Analysis of the SOF for each method indicates how well each method avoids masking valid data, as seen in Table II. When measuring the SOFb which excludes stars covered by a streak, ASTRiDE performs the best at 1.07%, with our ML model close behind at 1.50%. Pyradon demonstrates a significant tendency to mask out valid pixels containing stars with an average SOFb of 7.17%.

When measuring SOFa which includes all stars in the frame, we gain the context of the total amount of valued data excluded by each method. The average SOFa from applying the ground truth mask to the image is 9.27% for our dataset. The ML model is close to this at 9.25%, the small reduction relative to the ground truth mask being indicative of a slightly undersized mask leaving exposed some intersected star pixels. Pyradon scores significantly worse at 12.98%. However, ASTRiDE has an average SOFa of 6.34%, below the value set by the ground truth. This is possible because of ASTRiDE’s tendency to omit generating a mask at all in some situations. The result of this, in combination with ASTRiDE’s low SOFa outside of pixels contained in streaks, is that ASTRiDE will not mask pixels containing both a streak and a star that otherwise should be masked, resulting in the anomalously low SOFa in this situation.

When comparing the execution speed of each method, our ML model is significantly faster than either of the traditional methods, being capable of processing nearly 10× as many images as ASTRiDE in the same amount of time. This could be useful in situations where large amounts of data need to be processed quickly in near real time, such as astronomical surveys.

VI.CONCLUSION

In this paper, we have developed and evaluated an ML approach for detecting and masking satellite streaks in astronomical data. The traditional methods ASTRiDE and Pyradon had problematic results with high levels of false negatives and false positives, respectively, while our method outperformed these traditional methods on the whole.
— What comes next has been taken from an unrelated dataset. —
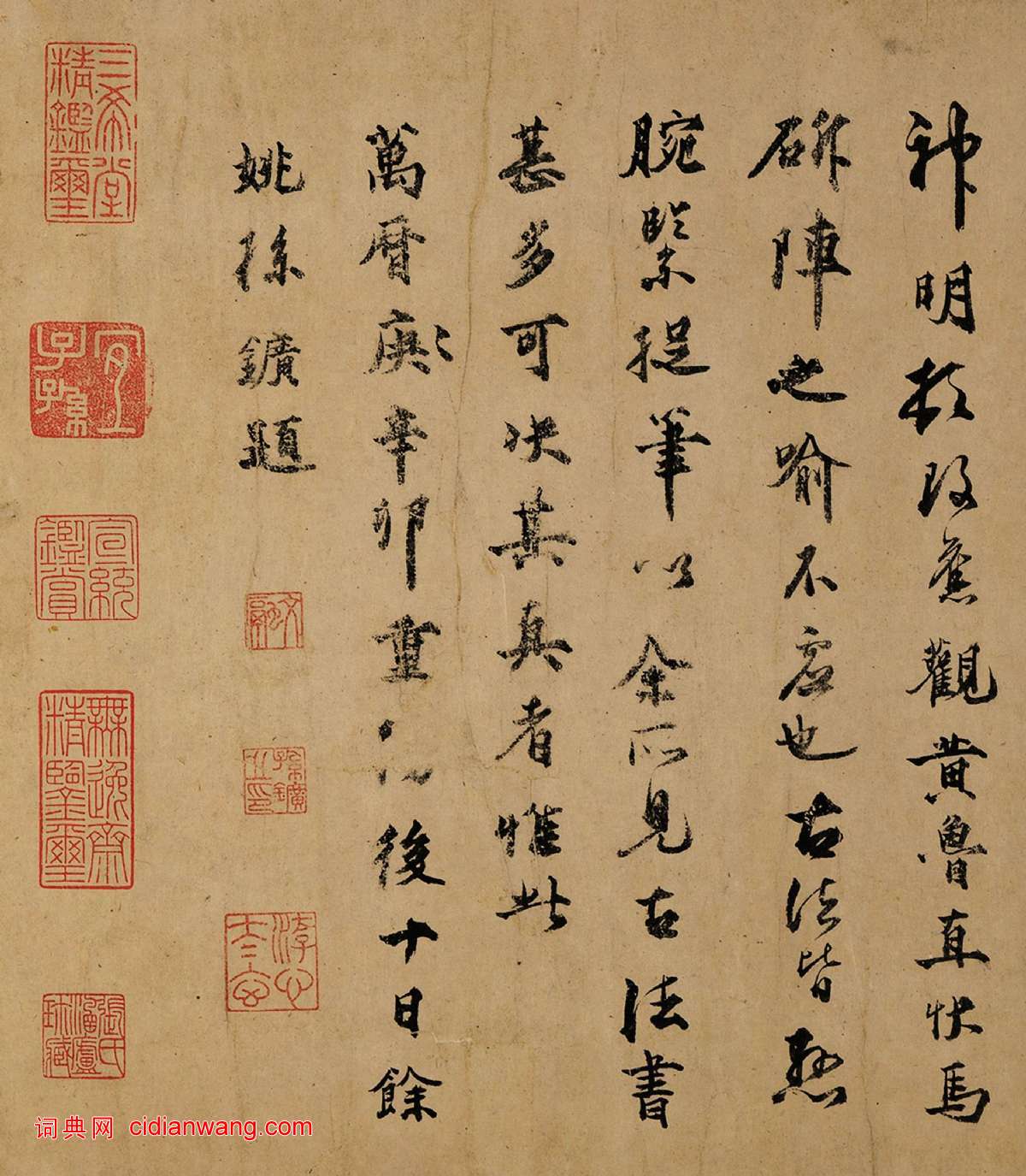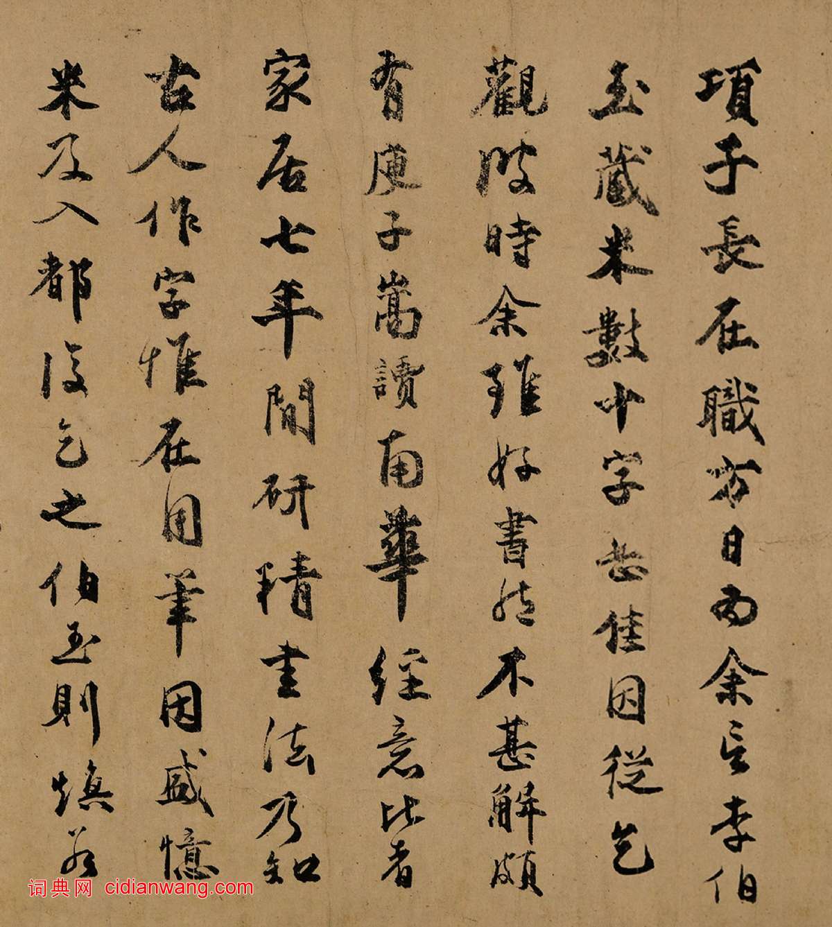 項子長在職方日,為余言李伯玉藏米數十字甚佳,因從乞觀,彼時余雖好書,然不甚解,頗有庾子嵩讀《南華經》意。比者家居七年間,研精書法,乃知古人作字,惟在用筆,因盛憶米,及入都,復乞之伯玉,則煥若神明,頓改舊觀。黃魯直快馬斫陣之喻,不虛也!古法皆懸腕,緊捉筆。以余所見古法書甚多,可決其真者惟此。

We also have applied a novel metric, SOF, for the evaluation of masking methods’ tendency to mask valid data. Under SOF, our model also demonstrated a significantly lower tendency to erroneously mask out valid star data than Pyradon and a tendency comparable to ASTRiDE. This demonstrates our model’s capability to retain important valid data while masking invalid streak data.

Simultaneously, our method required significantly less computing resources and was able to execute significantly faster than either of the traditional methods tested. Therefore, our novel ML model outperforms comparable traditional methods at this task, achieving a very low false-negative rate while maintaining an acceptably small number of false positives and retaining valuable data. At the same time, it provides these benefits on consumer-grade hardware.

In the future, we plan to evaluate the performance of other variants of U-Net as well as competing architectures. We could also investigate a hybrid system that utilizes aspects of both an ML model as well as some traditional detection techniques in order to achieve improved performance. Finally, we could explore the implementation of a ML model to remove noise and other distracting features from data in order to enhance the performance of traditional masking methods such as Pyradon and ASTRiDE.